Darla rapped her knuckles against the door several minutes later, as Exitus stood hopping on one leg, struggling to get into a pair of slim-cut jeans cut entirely for the wrong gender.


“How’s it going, honey?”


The scowl on Officer Welsh’s face had a noise like the hum of a silent telephone turned up to full volume.


Exitus, with his thick calf still cemented into the right leg of the unich pants, moved the metal chair under the door handle.

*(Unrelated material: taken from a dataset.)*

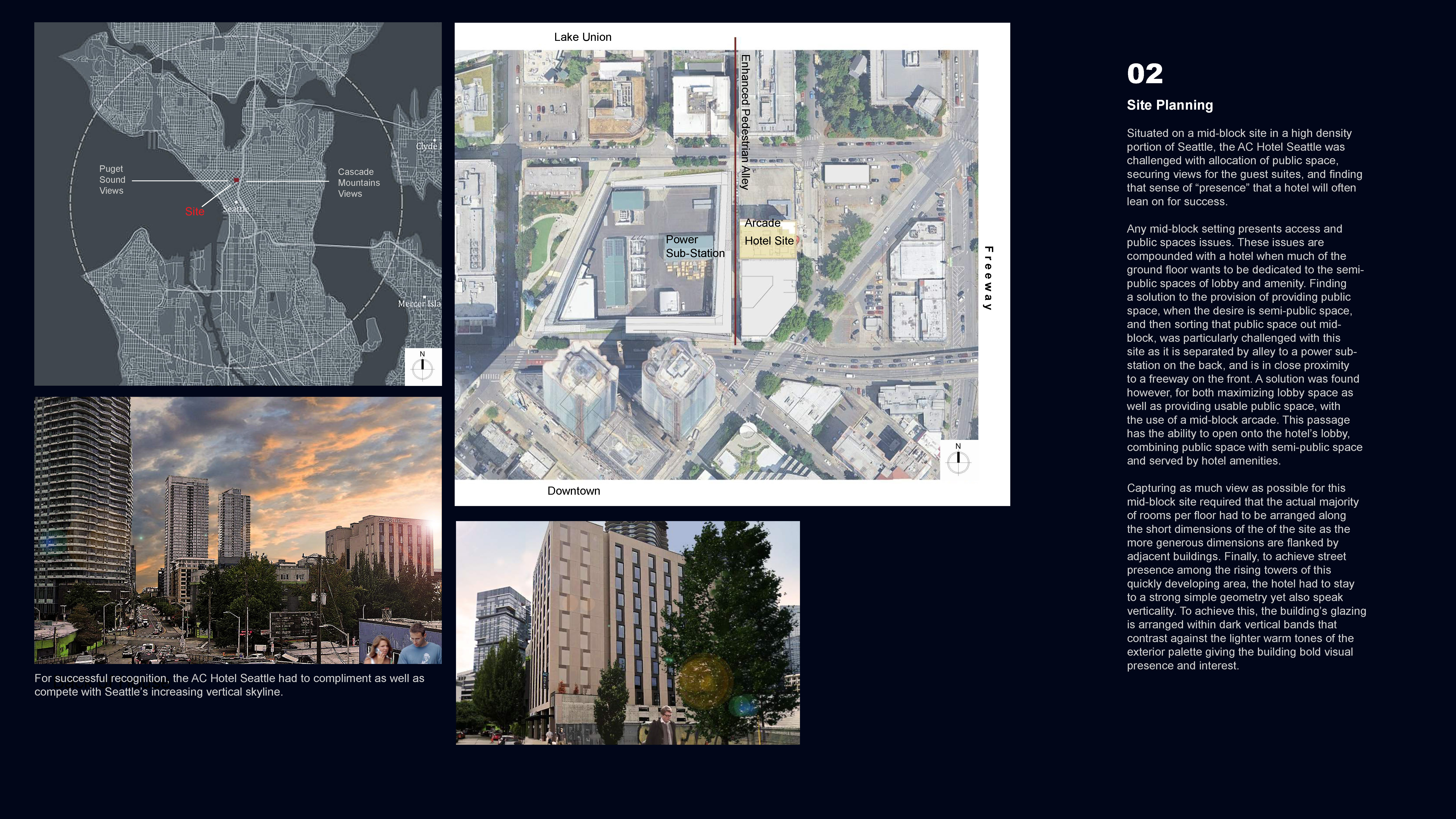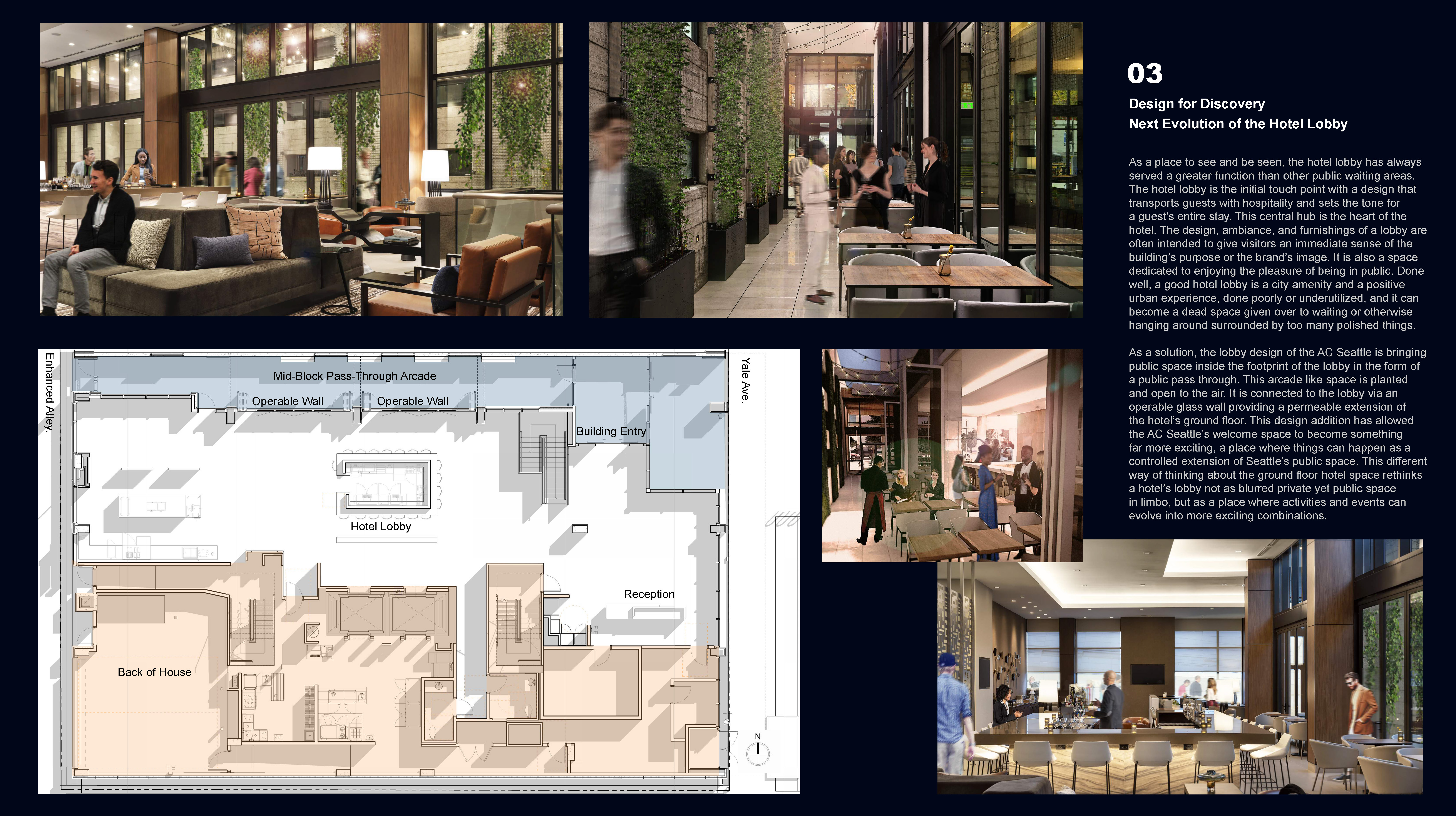 3 - As a place to see and be seen, the hotel lobby has always served a greater function than check-in. The hotel lobby is the initial touch point with design that transports guests with hospitality and, done well, is also city amenity and a positive urban experience of city hospitality. Combining a public arcade as an extension of the hotel lobby has been a successful precedent for grand hotels of the past. For the AC Seattle, the same precedent also served well for a site requiring a more minimal application but still able give to the neighborhood a contributing piece of city hospitality.

At a stop in a Wyoming Wal-Mart (many years ago, when his parents were still alive), Exitus had gone into a changing room to try on a new outfit. He’d gotten distracted by the large mirror and, thinking that there was a camera behind the reflective surface used to monitor shop-lifting, Exitus began to torment the poor man monitoring the camera feed. He had stood in his skivvies, one leg still in his pants much like he was now, and danced before the mirror while using his hands to stretch his face into grotesque expressions.


His mother, worried that he was taking so long and getting permission to do so, opened the dressing room door just as her son was flailing about like an octopus hooked up to jumper cables. A group of teenage girls was passing by at that precise moment.


Oh! how little Toddy Toad had been mortified, standing there in his Power Rangers underwear as everyone pointed and giggled.